Plasma ALP and AST activities have been used as indicators of liver damage; and plasma TC, TG, LDL-C, and HDL-C are the biomarkers of blood lipid metabolism. There biological factors have been used for diagnosis of FLHS in chickens (Yousefi et al., 2005; Zhang et al., 2008) and NAFLD in humans (Shi et al., 2013; Zhuang et al., 2015). In the current experiment, ALP but not AST activity was increased in HFD + V hens compared with the controls. Similarly, Rozenboim et al. (2016) analyzed the changes of ALP and AST in both 26-week-old and 84-week-old laying hens fed HFD, low-protein diet, or HFLP at 5, 10, and 15 wk. The plasma ALP value was significantly higher in young hens at week 5 whereas the value of AST became higher at week 15 post-fed HFLP diets than in the controls; while there were not diet effects on both ALP and AST concentrations in 84-week-old hens at any tested time points. Choi et al. (2012) and Robinson and Kiarie (2019) also reported that the blood concentration of AST and ALP were not difference between controls and FLSH hens. In the present study, there were also no treatment effects on the concentrations of TC, TG, LDL-C, and HDL-C, which may reveal that HFD causes liver damage without hepatic lipidosis. These biochemistry indicators of liver function and blood lipid metabolism have been considered as limited diagnostic tools for FLHS (Rozenboim et al., 2016).

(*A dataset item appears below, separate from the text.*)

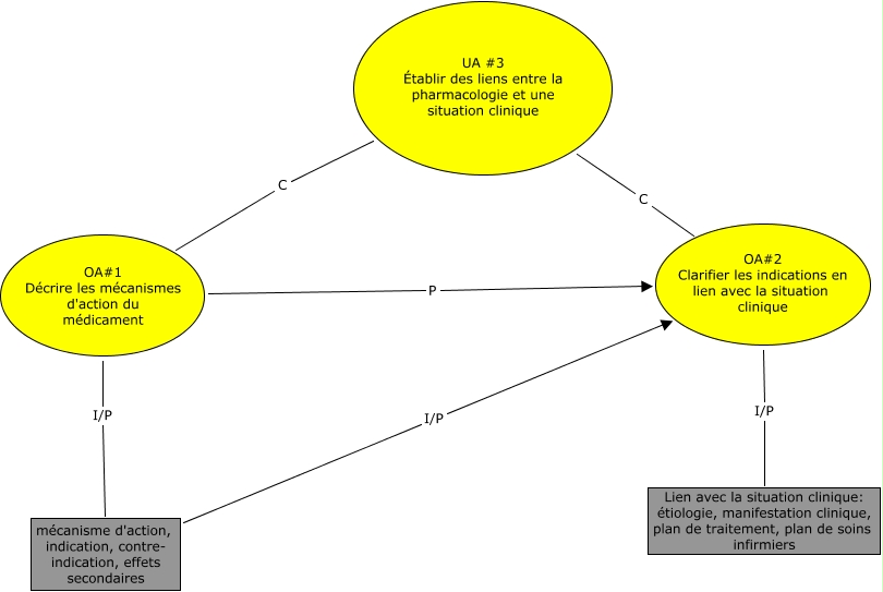 Cette carte de concepts créée avec IHMC CmapTools traite de: UA3, UA #3 Établir des liens entre la pharmacologie et une situation clinique C OA#1 Décrire les mécanismes d'action du médicament, mécanisme d'action, indication, contre- indication, effets secondaires I/P OA#2 Clarifier les indications en lien avec la situation clinique, UA #3 Établir des liens entre la pharmacologie et une situation clinique C OA#2 Clarifier les indications en lien avec la situation clinique, OA#2 Clarifier les indications en lien avec la situation clinique I/P Lien avec la situation clinique: étiologie, manifestation clinique, plan de traitement, plan de soins infirmiers, OA#1 Décrire les mécanismes d'action du médicament I/P mécanisme d'action, indication, contre- indication, effets secondaires, OA#1 Décrire les mécanismes d'action du médicament P OA#2 Clarifier les indications en lien avec la situation clinique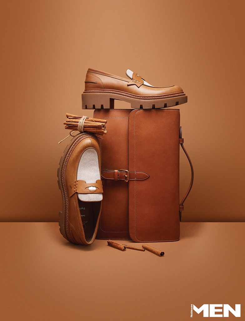 톤온톤의 청키한 굽이 돋보이는 목 컬리지 우오모 로퍼 Christian Louboutin, 부드러운 송아지 가죽이 시간이 지날수록 멋스러움을 더한다. RL 골드 베드포드 카프스킨 브리프케이스 Ralph Lauren Purple Label.

Insulin is the only hyperglycemic hormone released by the pancreatic β cells in humans and various animals including chickens. Insulin resistance plays a key role in both human NAFLD and hen FLHS (Gariani et al., 2013; Zhuang et al., 2019). In the present study, after fed 40 d of HFD, blood glucose tolerance, insulin sensitivity, and insulin concentration were decreased in hens, but these changes were alleviated by OCN administration. Similar to our results, Zhuang et al. (2019) reported that FLHS hens have higher blood glucose than the control hens detected by both OGTT and ITT. In addition, HFD-induced NAFLD-like damage in mice exhibits the positive results during both OGTT and ITT analyses, and these changes can be revised by oral administration or intramuscular injection of OCN (Gupte et al., 2014; Du et al., 2016; Yasutake et al., 2016). The changes of insulin concentrations identified in the present study may indicate that OCN administration may prevent or reduce HFD-caused pancreatic β cell damage (Ferron et al., 2008, 2012).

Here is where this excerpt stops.